Ionza smiled as she got over to the rack with the bottled water, throwing one to Carrus who caught it in the mid-air before taking a good sip himself from it. "You were damn brave planting your feet Carrus, but might I inquire why so intensive against me? I haven't offended you have I?" Ionza asked looking anxious on Carrus, who just smirked while he said. "Almost two years ago you learned me to fight without honor and humanity, I'm returning the favor." He took a new zip of the bottle before he said with his face in a questionable wrap. "Or do you want me to stop Michelle?" She smiled as she said. "Bring it on bucco, but next time warn me before going nasty." Not before she had said that she charged him, yet he quickly recovered, then gave her a punch, snarling. "Weak attack, I saw that coming from a mile away!" Ionza continued her relentless attacks.

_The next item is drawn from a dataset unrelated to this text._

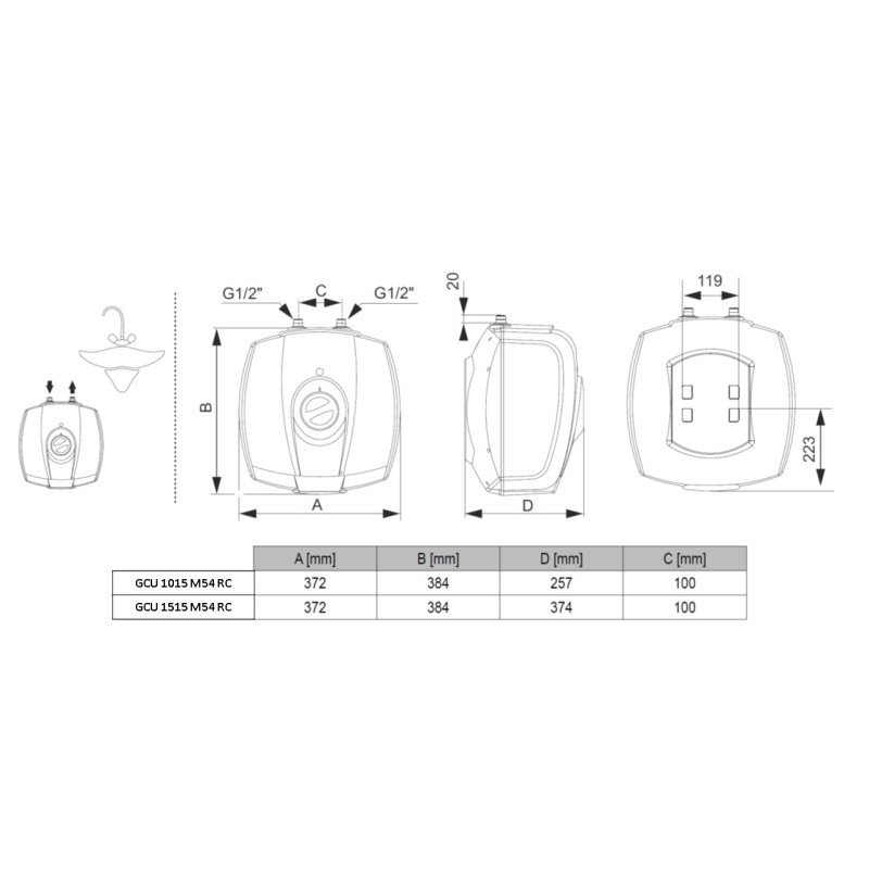 Малолітражні та компактні водонагрівачі серії SimpatEco М54 представлені об’ємами 10 і 15 літрів моделями для встановлення як під раковиною, так і над раковиною.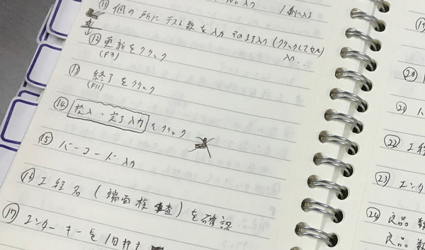作業手順を詳しく記入したノート

After a few parried stabs Carrus elbowed Ionza in the back of the head sending her reeling. "Weak, you let your guard down too early." Carrus said, looking all serene as he stood there with his chainsword emitting a soft whirr. Ionza just snarled and launched herself at Carrus. More stabs getting blocked, then suddenly Carrus grabbed her throat and chokeslammed her to the grey training-mattress. "You didn't follow up your attacks darling." Carrus said teasingly, face centimeters from Ionza's. She coffed and gargled on the floor. He got up immediately. "I'm not falling for the wounded gazelle-routine Michelle, get up and lets continue the sparring." He said that as he held his weapon in a defensive posture. That turned out to be a smart choice as Ionza twirled her feet landing on her feet, she immediately threw both the monofilament knives at Carrus who struck them down with his whirring chainsword, then she bodyslammed him making him loose balance and his chainsword. They tumbled to the ground with him eventually getting on top. He laughed. "Well now I hope you don't-" He expected a headbutt from her, instead he got a sensual kiss. He withdrew looking a bit scared. Ionza was more assured. "What's wrong honey, didn't you like it?"" She said with a teasing smirk. Carrus just looked scared back.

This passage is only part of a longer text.